Peyton wraps her arms tighter around me. I’m grateful that she’s here, grateful that she witnessed what happened in the kitchen and not Frankie. My best friend would’ve clawed their eyes out, and then she would’ve turned on me for not letting her know just how bad things had gotten with the kids at school.
“I’m normally stronger than this.”
“You’re the strongest girl I know,” Peyton whispers.
I cry quietly for
a few more minutes.
“Let me get you some tissues.” She’s off the bed, disappearing into her bathroom before coming back with a length of toilet paper.
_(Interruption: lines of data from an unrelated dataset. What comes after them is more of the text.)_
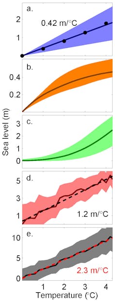 What we found was that for each degree of global warming above pre-industrial levels the ocean warming will contribute about 0.4 metres to global mean sea-level rise while Antarctica will contribute about 1.2 metres. The mountain glaciers have a limited amount of water stored and thus their contribution levels off with higher temperatures. This is over-compensated for by the ice loss from Greenland, so that in total sea level rises quasi-linearly by about 2.3 metres for each degree of global warming (see figure).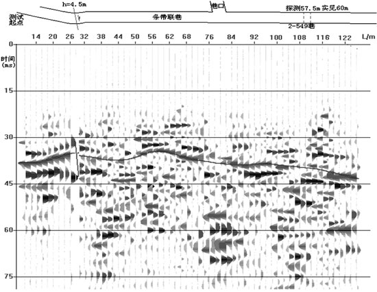 概况:山西霍州矿业集团某矿联巷不同位置巷道分别揭露落差为6-9m大断层,为判定其未揭露区前方延伸状况,设计采用单道最佳偏移距法,偏移距选定为20m,移动步距为2.0m,共进行了130m段帮内数据采集。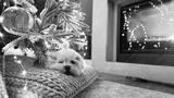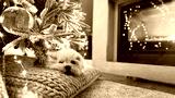 Resting Dog Next to Fireplace and Christmas Tree – Warm Holiday Interior Video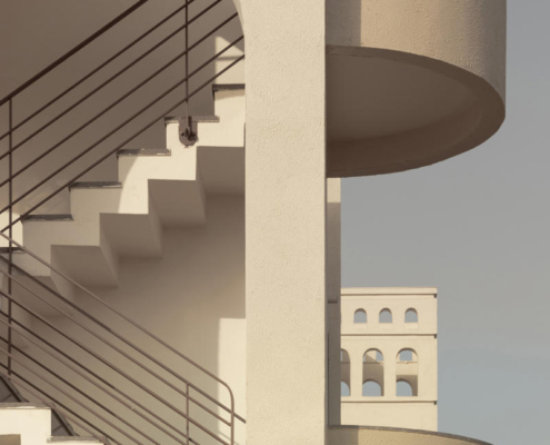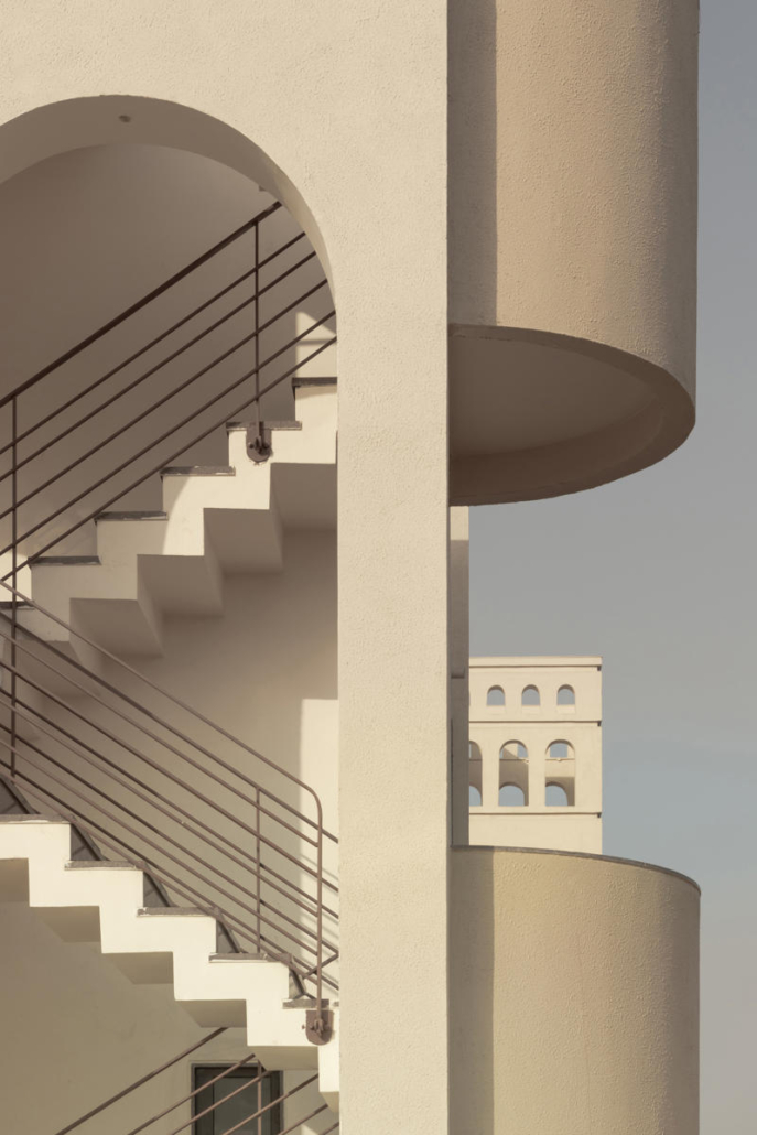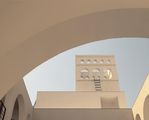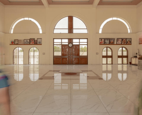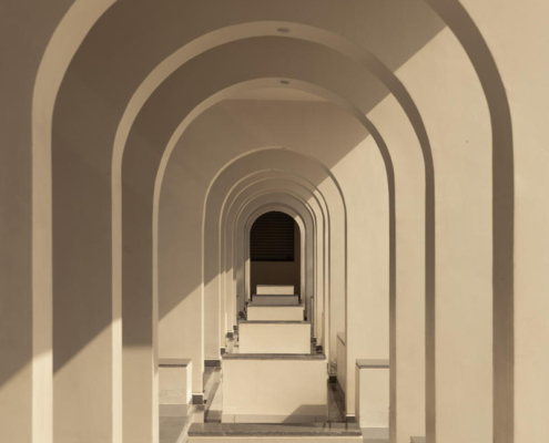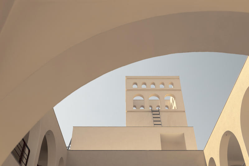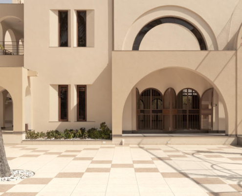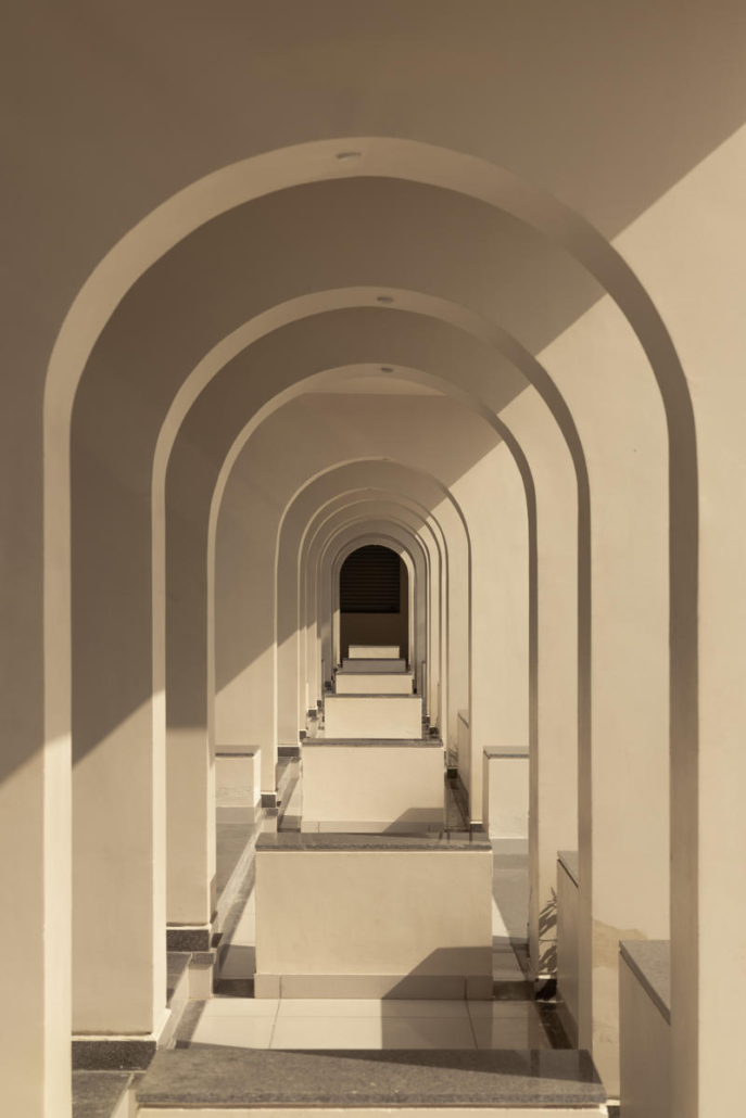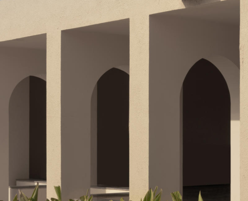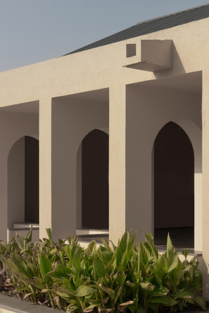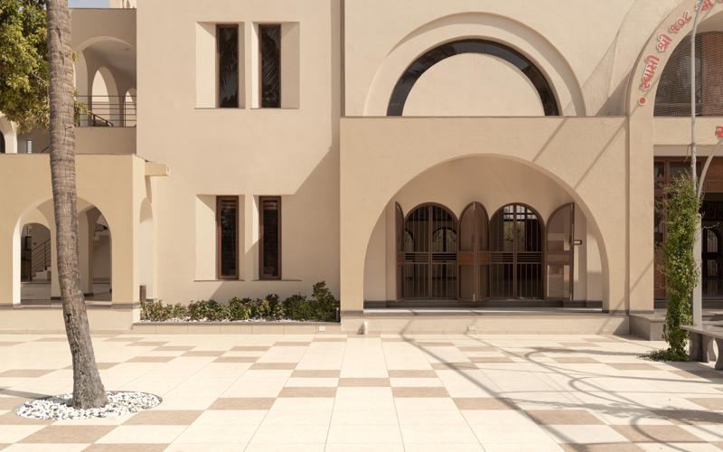 Kemerlerin merkezi bir tasarım unsuru olarak entegrasyonu, cemaatin kutsal alana çıkan begonvilli yolu çerçeveleyen kemerli geçitten ilham alıyor. Tasarımda kemerler yapısal, estetik ve işlevsel düzeylerde dikkatlice ele alınmış; ölçek, oran, yönelim ve malzeme açısından çeşitli varyasyonlarla işlenmiş. Dua salonunda cepheye paralel sıralanan kemerler, büyük yüzeyi biçimlendirerek mekana ritmik açıklıklar kazandırmış; ışıkla dinamik bir oyun yaratmış.

“He’s actually making them leave,” she says when she crosses the room and looks out her bedroom window.
I watch her as she continues to look down at the people that have made my life miserable. Her brow is creased, and she looks like she wants to say something, but I’m sure my sobbing for the last couple of minutes is keeping her lips clamped shut.
“Just say whatever it is that you’re thinking,” I urge.
It’s been hard with Frankie gone, but Peyton has made it easier to deal with the bouts of loneliness.
“What if he is different?” She turns to face me. “What if the guy who was mean to you for so long is gone?”
I open my mouth to tell her it doesn’t matter but then close it so I can actually think about how that really makes me feel.
“It doesn’t change anything.”
“It’ll change the future,” she counters. “That’s something, right?”
“I’m not saying I’m going to hate him for the rest of his life—”
“But you won’t forgive him,” she interrupts.
“I don’t think I can.”
“I think you should. I think he’s genuinely sorry for how he’s treated you.”
“I don’t think someone can authentically regret doing something that they don’t remember doing,” I argue.
“But you think it’s right to continue to dislike him when he isn’t that guy anymore?”
“I should’ve known you’d be on his side,” I complain.
“I don’t know if you remember this, but Dalton hasn’t always been nice to me either.”
“He didn’t torture you as he did me.”
“Because I wouldn’t just roll over and let him do it.” Her jaw snaps shut.
“Tell me how you really feel about me,” I snap. “I’m weak, a punching bag for every kid at Westover Prep. I deserve everything that has happened to me because I don’t stand up for myself.”
“That’s not…” She sighs as she crosses the room to join me on the bed. “You’re not weak. You stood up for me in the kitchen, but when they were picking on you, you just stood there and took it. Why do you defend others and not yourself?”